Shin Splints and How to Prevent Them
Do you run cross country or know anyone who does run? Have you ever heard of shin splints? Or do you known how painful they are? Or how to treat them? Shin splints are very common when playing a sport that involves fast stops and starts. Runners are easily affected when it comes to this kind of injury. You may ask yourself: Why? Well, runners are running up and down hills, and consistently running on uneven ground, an extreme force on the shins. New runners often get shin splints due to abrupt change in workouts.
“Having shin splints basically entails any ongoing pain in the shin area,” Maura Mittermeier ‘17, SUA cross country veteran. They most commonly occur in the lower leg below the knee, either on the front, outside part of the leg or the inside. Theories for how shin splints develop include small tears in the muscle that are pulled off the bone.
“What really causes the soreness is having a 'knot' or inflammation in your calf muscles, which presses against the tibia (shin bone) and causes pain,” elaborates Maura.

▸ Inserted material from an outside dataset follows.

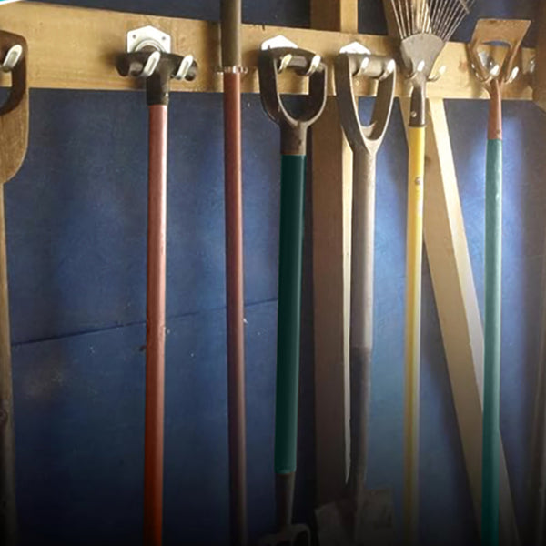 • Designed to accommodate a wide range of tools, from shovels and brooms to hoses and power cords, offering versatile storage solutions.

Treating shin splints takes a lot of time. Some tips to recovery include icing the area to reduce swelling, taking Advil, wearing compression socks, and doing calf stretches. Maura adds, “the pain is temporarily gone, but it returns from time to time--it’s hard to completely eliminate shin splints, you just have to control them.”
Shin splints, though, can always be prevented. Make sure to stretch properly, wear well-fitting shoes that offer good support, and avoid going up and down hills or uneven terrain.